Javier Hernández Alpízar

A Rolando Espinosa, por acercarnos a comprender a Henri Lefebvre

“Porque el tiempo es vida. Y la vida reside en el corazón.

“Y nadie lo sabía tan bien, precisamente, como los hombres grises. Nadie sabía apreciar tan bien el valor de una hora, de un minuto, de un segundo de vida, incluso, como ellos. Claro que lo apreciaban a su manera, como las sanguijuelas aprecian la sangre, y así actuaban.” Michael Ende, Momo.

En el fin del siglo XIX y la primera mitad del siglo XX, en una Europa y un mundo sacudidos por guerras calientes y frías, revoluciones, contrarrevoluciones, fascismos y resistencias, diversos autores abordaron de diferentes maneras el tema del tiempo.

Henry Bergson pensaba en la duración como el fenómeno originario. Gastón Bachelard meditó en la intuición del instante. Albert Einstein y su relativismo cambiaron la manera de pensar el espacio- tiempo en física.
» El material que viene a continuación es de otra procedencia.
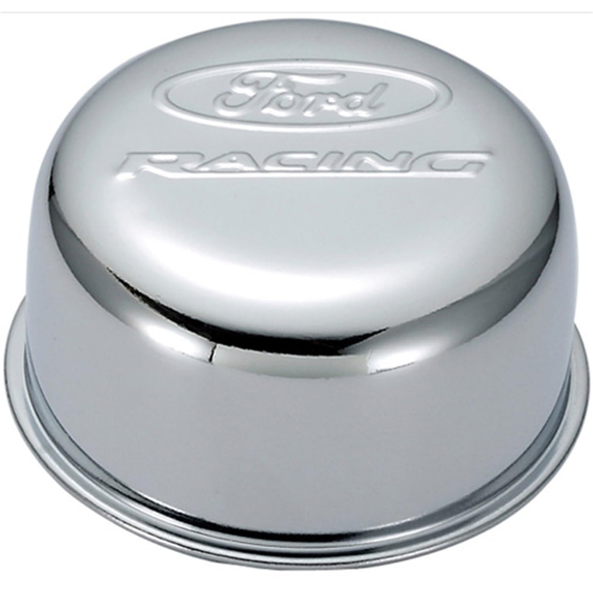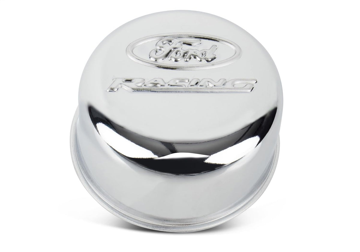 Q: What are the main features of the Ford 302-200 Breather?A: The Ford 302-200 Breather features a twist-on design, a round shape, and is constructed from durable alloy steel with a chrome finish. It prominently displays the Ford Racing logo and is designed for use in various engine applications.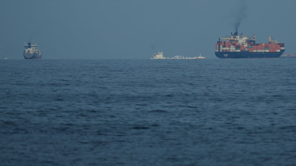 Ships line up in the Strait of Hormuz as seen from Khor Fakkan, United Arab Emirates, Wednesday, March 11, 2026.

En 1927, Martin Heidegger publicó Ser y tiempo, la obra que lo volvió célebre. Ya su antecesor en la fenomenología, Edmund Husserl, había pensado en el tiempo preocupado por recuperar la vivencia del mundo de vida. Antes, Friedrich Nietzsche había puesto énfasis en la finitud del ser humano, cuyo tiempo no puede ser eterno, aunque la voluntad de poder quizá prometa un eterno retorno de lo mismo. El eterno retorno en los mitos y religiones de muchos pueblos fue estudiado por Mircea Eliade. James Joyce y Marcel Proust cambiaron la manera de hacer novela y de narrar, experimentando con el tiempo: monólogo interior o memoria que quiere asir y recuperar el “tiempo perdido”.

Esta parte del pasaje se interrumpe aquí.